Tunisie : la France doit faire entendre l’exigence du respect des droits humains

Publié le 14 avril 2008 à 10:46 Mise à jour le 8 avril 2015

Lettre au Ministre des Affaires Etrangères

J’ai appris que Madame Rama YADE et, semble-t-il, vous-même, envisagiez de vous rendre en Tunisie dans les prochains mois.
En février, Madame Fatma KSILA, Secrétaire générale du Comité pour le Respect des Libertés et des Droits de l’ Homme en Tunisie et Madame Samia ABBOU, membre de l’ Association tunisienne de lutte contre la torture -dont l’époux, Maître ABBOU, a subi plus de deux ans de détention pour avoir publié un article ayant déplu au pouvoir- y ont été violemment prises à partie et frappées par la police tunisienne. Elles rendaient visite à des familles de prisonniers.
Ce fut le cas également, quelques jours après, début mars, de Madame Sihem BENSEDRINE, porte-parole du Comité National pour les Libertés en Tunisie et de Monsieur Omar MESTIRI, directeur de rédaction au journal en ligne Kalima.
Un opposant politique connu âgé de 66 ans, condamné sans preuves, Monsieur Abderrahmane TLILI, incarcéré malgré plusieurs maladies graves, a été amené à entamer en grève de la faim pour protester contre de mauvais traitements. Sa mère, âgée de 89 ans, a fait de même pour le soutenir, mettant elle aussi sa santé en danger. La seule issue concevable est la libération de Monsieur TLILI, et avec elle celle tous les prisonniers politiques.
Je viens également d’apprendre la violente répression dont vient d’être victime la population du bassin minier de Gafsa. La police tunisienne a procédé à l’arrestation de syndicalistes, de chômeurs parmi lesquels un grand nombre de jeunes. Des dirigeants syndicaux ont été frappés et interpellés. La libération de toutes ces personnes est une exigence.

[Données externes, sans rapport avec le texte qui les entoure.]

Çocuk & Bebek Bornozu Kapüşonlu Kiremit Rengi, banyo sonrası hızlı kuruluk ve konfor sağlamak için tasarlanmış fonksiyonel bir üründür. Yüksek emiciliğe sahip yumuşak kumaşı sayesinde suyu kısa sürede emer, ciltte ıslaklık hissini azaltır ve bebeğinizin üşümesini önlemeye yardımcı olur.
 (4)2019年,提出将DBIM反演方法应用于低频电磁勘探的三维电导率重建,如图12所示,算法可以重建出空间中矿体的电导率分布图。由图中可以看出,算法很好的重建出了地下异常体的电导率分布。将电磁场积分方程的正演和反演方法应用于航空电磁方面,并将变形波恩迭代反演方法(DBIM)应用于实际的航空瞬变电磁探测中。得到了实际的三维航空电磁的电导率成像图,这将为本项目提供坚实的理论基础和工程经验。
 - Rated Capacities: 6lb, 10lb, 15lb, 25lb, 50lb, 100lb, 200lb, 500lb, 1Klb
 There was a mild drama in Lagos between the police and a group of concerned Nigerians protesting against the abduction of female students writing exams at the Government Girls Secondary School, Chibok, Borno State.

Ce ne sont là, hélas, que quelques exemples parmi de nombreux autres des pratiques en cours en Tunisie.
Comme vous le savez, les défenseurs des droits humains -qu’ils soient politiques, associatifs, juristes -, les progressistes et les syndicalistes y sont régulièrement l’objet d’arrestations, de condamnations à de lourdes peines de prison.

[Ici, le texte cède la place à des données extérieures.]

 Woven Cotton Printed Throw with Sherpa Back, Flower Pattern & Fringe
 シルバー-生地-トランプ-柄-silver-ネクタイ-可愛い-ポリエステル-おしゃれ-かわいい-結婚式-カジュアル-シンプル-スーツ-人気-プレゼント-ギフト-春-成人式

Les restrictions à la liberté de réunion, d’expression et de circulation se multiplient. L’indépendance de la justice est bafouée. On déplore des procès iniques, des pratiques de torture et des mauvais traitements, des agressions, des interdictions arbitraires de voyager...

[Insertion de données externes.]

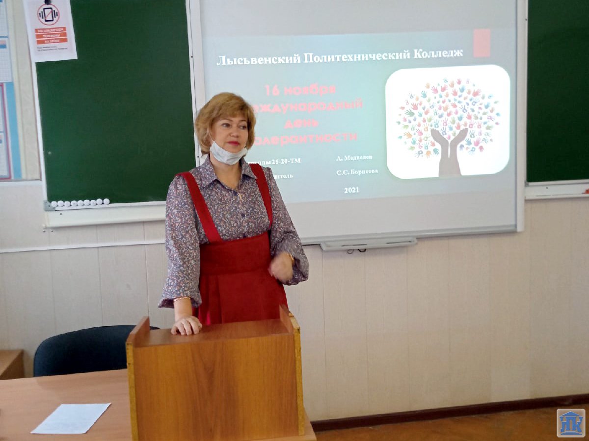 В группе 56-17-ТМ в Международный день толерантности Л.Н.Ширинкина провела конкурсный классный час. Лариса Николаевна пишет: «Мне и ребятам очень понравилась тема. Обсуждали, беседовали, высказывали каждый свою точку зрения, вспомнили поучительные случаи из жизни».

Aussi, je vous demande de saisir l’occasion de ce déplacement qui semble prévu en Tunisie pour faire entendre auprès du gouvernement tunisien et du Président Ben ALI, la voix de la France en faveur du respect des libertés et des pratiques élémentaires appartenant à un Etat de droit et pour lui rappeler que l’esprit et la lettre même de l’accord d’association UE-Tunisie est conditionné au respect des droits de l’Homme.